There are stories that you probably will not find written in any book but that can still arouse great wonder in those who listen to them generating interest and curiosity. Giorgio Gallavotti’s is one of a kind, being the creator and owner of the first and only Buttons’ Museum in Italy.
What’s with the buttons? The answer to this question combines social and cultural importance, a beautiful family memory that Giorgio does not fail to evoke with pride and emotion.
After having worked for years as a peddler my father Giacomo Gallavotti, known in Santarcangelo di Romagna as “Berto ad Zucchi”, decided to get from an important bazaar of early 900 a haberdashery.
Here, starting from 1929, I began his sales activity together with my mother and a small, but curious, helper who since then was extremely fascinated by these precious objects: the buttons.
I was only six years old, but those Art Nouveau and Art Deco works of art incredibly tickled my imagination, taking me to distant places, the same ones discussed at dinner listening to Radio Londra.
And so, one step at a time, Giorgio begins to collect all the buttons that pass in his hands creating paintings to catalog them.
It starts with passion, until, in 1991 he participated in the Hobby Exhibition organized in the Council Hall of the City of Santarcangelo arousing favorable opinions and a lot of curiosity among visitors.
At that point, encouraged by the success achieved, I began to think that I should give a concrete form to my dream and tell the story of my family within a space of my own. With the closing of the haberdashery in 2002, I realized that the time was ripe and that my project had to be realized.
In 2008, with his beautiful load of stories to tell and a large number of buttons in tow, Giorgio decides to give life to the Museum of the Button, a place that retraces the history of society in a journey among 15,000 buttons from all over the world.
The world of buttons can be divided into two main phases: the ancient and the modern ages.
During the first, the buttons were the exclusive prerogative of the men who wore a number ranging from 50 to 200, all sewn on the same dress but specially made with materials ranging from diamond down.
It is clear, therefore, that in the past the buttons provided a real indication of the social status of those who wore them.

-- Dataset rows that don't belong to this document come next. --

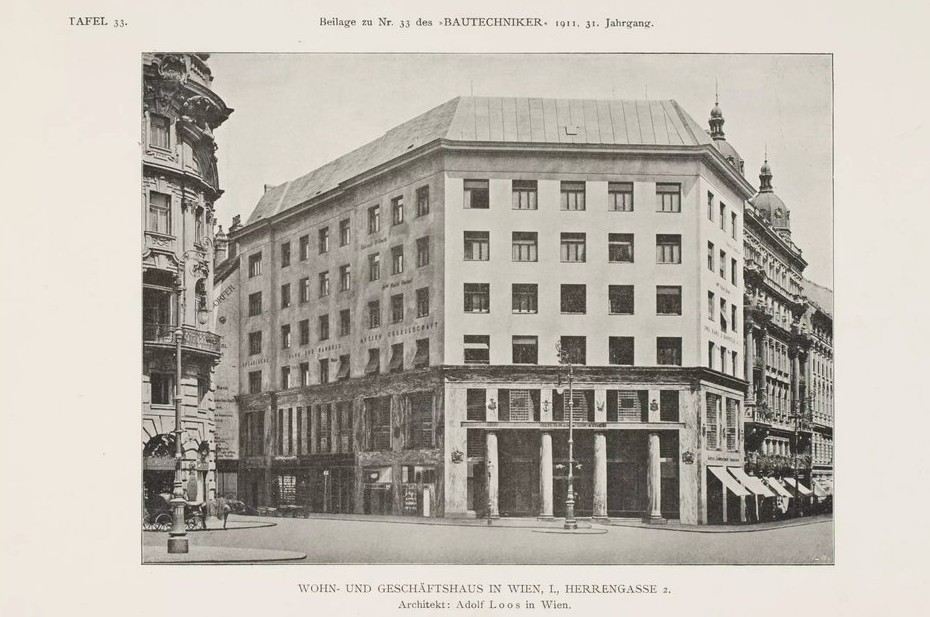 В 1909 году Леопольд Голдман объявил конкурс на строительство торгового здания для магазина высокой моды Goldman & Saltasch. Но победителя так и не выбрали, поэтому заказчик отдал проект Адольфу Лоосу. В 1910 году строительство приостановили из-за скандала. Общественность возмутила «непристойная нагота» верхней части фасада. Только после того, как Лоос согласился компенсировать эту наготу установкой цветочных ящиков, строительство возобновилось и было закончено в 1912 году. Жители Вены все равно невзлюбили Дом Лооса. Они называли его «домом без бровей» из-за отсутствия привычных навесов над окнами. Говорят, что император Франц Иосиф настолько не любил это здание, что после строительства избегал проезда через Михаэлерплац.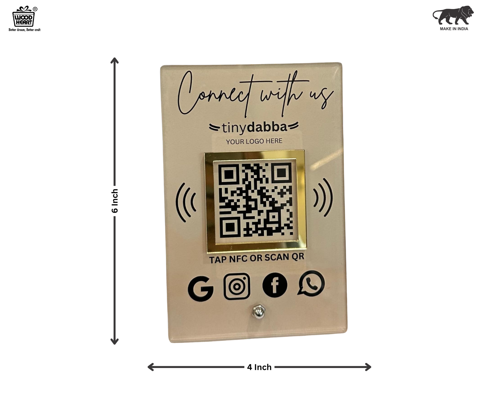 A modern and professional NFC-enabled QR code display stand designed for quick and effortless customer engagement. This compact sign allows users to connect instantly by tapping their phone via NFC or scanning the QR code. Perfect for cafés, retail counters, exhibitions, and service desks, it supports multiple social media and communication platforms like Google, Instagram, Facebook, and WhatsApp. The beige acrylic background paired with a gold-accented QR frame gives it a premium, classy look suitable for any business setting.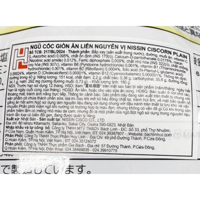 Là thực phẩm dinh dưỡng được chế biến từ ngũ cốc tự nhiên, bổ sung vitamin và khoáng chất cho trẻ với hương vị đặc biệt thơm ngon và hấp dẫn. Nissin Ciscorn BIG Plain có chứa 9 loại vitamin, đặc biệt là vitamin nhóm B giúp bé ăn ngon miệng hơn
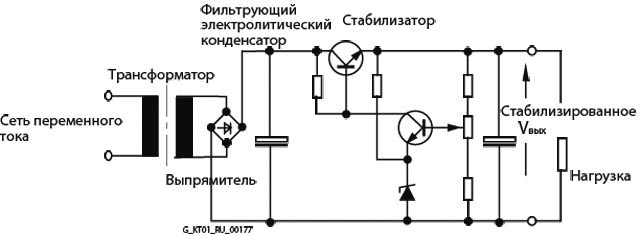 Стабилизированные блоки питания включают в свой состав электронный регулятор, обеспечивающий стабилизацию выходного напряжения на заданном уровне с минимальным отклонением от этого уровня при изменениях входного напряжения или нагрузки.

In this regard, I think it is imperative to “bother” two characters that buttons have made a means of ostentation. Louis XIV was an “enlightened” sovereign in all senses, just think that on a single garment wore 816 buttons in hard stones and 1826 diamonds!

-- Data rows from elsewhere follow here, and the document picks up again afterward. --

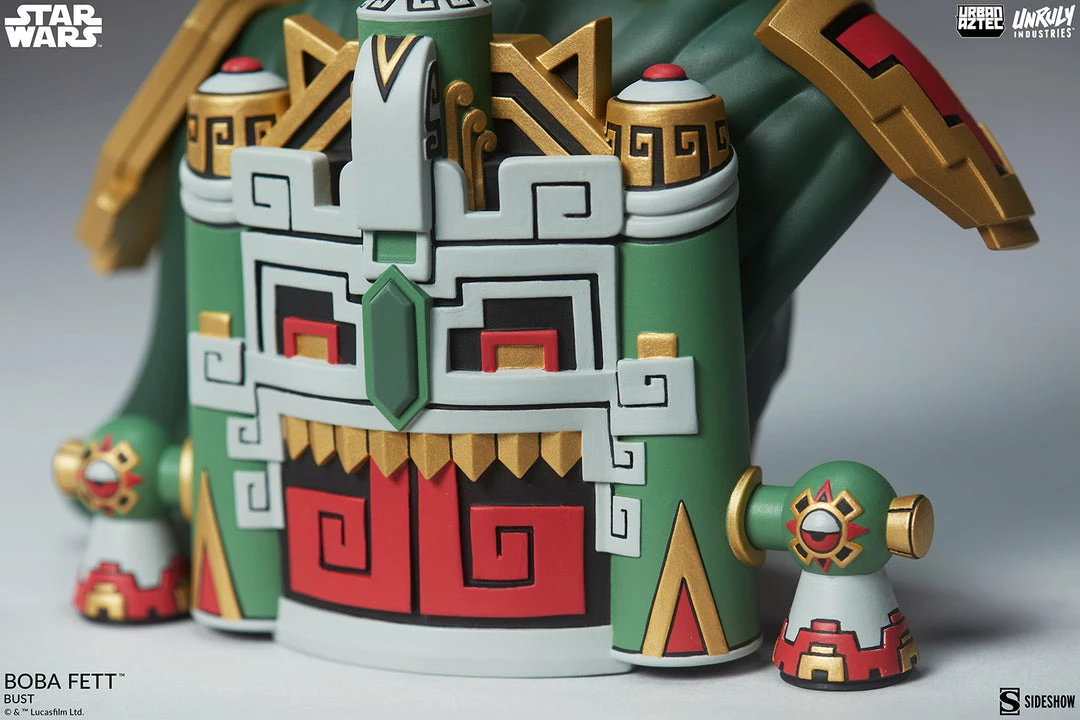 No disintegrations, all dynamite. Urban Aztec infiltrates a galaxy far, far away with the Boba Fett⢠Bust by artist Jesse Hernandez, blending Mayan and Mandalorian influences into badass bounty hunter.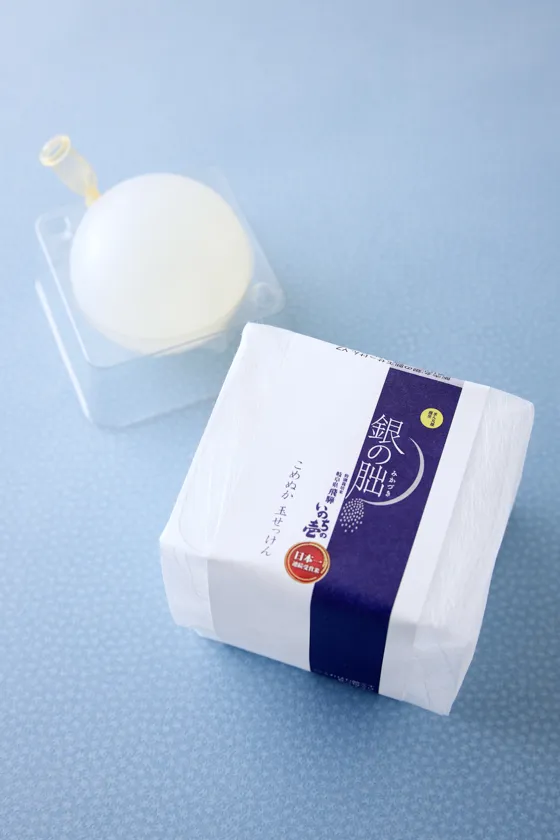 飛騨地域のブランド米「銀の朏(みかづき)」のエキスを使った「銀の朏 こめぬか玉せっけん」には、美容成分のセラミドが多く含まれています。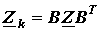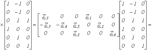 где Z – диагональная квадратная (размерностью n x n) матрица сопротивлений ветвей, все элементы которой (взаимную индуктивность не учитываем), за исключением элементов главной диагонали, равны нулю. Соотношение (4) представляет собой матричную запись закона Ома. Если обе части равенства (4) умножить слева на контурную матрицу В и учесть второй закон Кирхгофа, согласно которому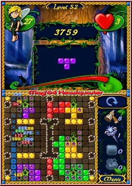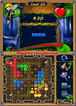 Erst nachdem alle Feenwesen befreit wurden, gilt ein Level als erfolgreich gemeistert. Bei 92 Aufgaben habt Ihr es mit einer stattlichen Anzahl zu tun, die Euch spätestens nach der ersten Hälfte vor teils große Hindernisse setzen dürfte. Generell sei aber gesagt, dass sich der Titel an all diejenigen richtet, die Puzzle-Spielen nicht abgeneigt sind. Wenn schon die Zaubersteine in deutlicher Absicht an „Tetris" erinnern, ist klar, dass das Spielprinzip das Köpfchen fordern wird – was es dann letzten Endes auch tut! Auf dem Topscreen erkennt Ihr die verbleibende Anzahl an Elfen, eine Zeitleiste informiert Euch über die verbleibenden Restsekunden: Je schneller Euch die Lösung des Spielfeldes gelingt, desto mehr Bonuspunkte dürft Ihr auf Eurem Konto gutschreiben. Selbstverständlich besteht auch die Möglichkeit, dass Euch die Zeit davonläuft und Ihr den gesamten Level ein weiteres Mal angehen müsst. Seid Ihr fleißig und vorbildlich im Einkassieren von Punkten, erwartet Euch mit 50.000 Zählern ein Extraleben – das aber genau so schnell wieder flöten geht: beispielsweise dann, wenn keine Zaubersteine mehr auf dem Spielbrett Platz finden. Wenn das bereits alles gewesen wäre, hätte der Titel mit Sicherheit nicht denjenigen Stellenwert bei uns, den er sich ergattern konnte. Denn dank viererlei verschiedener Extras geht es während der Knobelei heiß her: Mit dem „Magischen Stab" dürft Ihr benachbarte Zaubersteine derselben Farbe im Nu verschwinden lassen, wohingegen der Regenbogenstein als sprichwörtlicher Joker im Reigen der verschiedenfarbigen Blöcke angewendet werden kann. Mithilfe des Farbkelches vergrößert Ihr die Farbgruppe eines bestimmten Zaubersteines, der Hammer löst Steine nach Belieben auf. Dies ist dann von Vorteil, wenn das Spielfeld keine weiteren Züge mehr offen lässt. Durch Gehölz und Orakelsteine wird das Brett blockiert, allerdings könnt Ihr durch geschickte Herangehensweise auch diese Hindernisse mit taktischen Mittelchen umgehen und teilweise gar zerstören. Selbst Bomben lassen sich durch Zaubersteine aktivieren, die bei Detonationen das umliegende Gebiet von Objekten „erlösen". Wegen des äußerst kniffligen Spielprinzips, den zahlreichen Missionen und des taktischen Vorgehens, bringt „Elvenland" deutliches Suchtpotenzial mit sich, das in dieser Form bei uns gern gesehen ist – auch wenn der technische Aspekt heutzutage einem Schlag ins Gesicht entspricht!

Francis I, for his part, not to disfigure in front of the Sultan decided to receive him wearing a black velvet robe on which glittered 13,600 gold buttons. You can easily imagine the reason why!

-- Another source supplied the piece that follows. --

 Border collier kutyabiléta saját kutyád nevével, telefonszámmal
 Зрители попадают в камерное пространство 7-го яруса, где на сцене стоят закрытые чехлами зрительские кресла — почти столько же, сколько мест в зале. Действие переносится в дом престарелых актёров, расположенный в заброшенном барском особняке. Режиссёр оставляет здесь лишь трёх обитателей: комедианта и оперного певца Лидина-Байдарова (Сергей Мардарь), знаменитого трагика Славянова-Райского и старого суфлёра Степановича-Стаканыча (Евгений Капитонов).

Not only an element of union between two strips of fabric, with the advent of modern times the button begins to tell stories of all kinds.
It ranges from the emancipation of women narrated through the objects that have marked the stages, from the fan to the clutch, up to the haute couture button on blue majolica with a touch of gold made by Pablo Picasso for Cocò Chanel.
There is also space for the most current events from the attack on the Bataclan up to Covid-19, whose molecule was imprinted on a glass spherical button.
And speaking of pandemics, that wasn’t enough to stop Giorgio, either.
In the months when by decree we had to close the Museum, I did not want and I could not stop. For this reason, aware of the great power of social media, I decided to tell the story of the buttons in the form of short videos published in episodes on the Facebook profile of the Museum. A great way to keep your mind trained and your memory awake!
But how far can a button go? Giorgio tells us that it can also reach distant places and not only with imagination. And in fact, the Museum of the Button houses the buttons of the polo shirts that Luca Parmitano and Samantha Cristoforetti wore aboard the spaceship ISS.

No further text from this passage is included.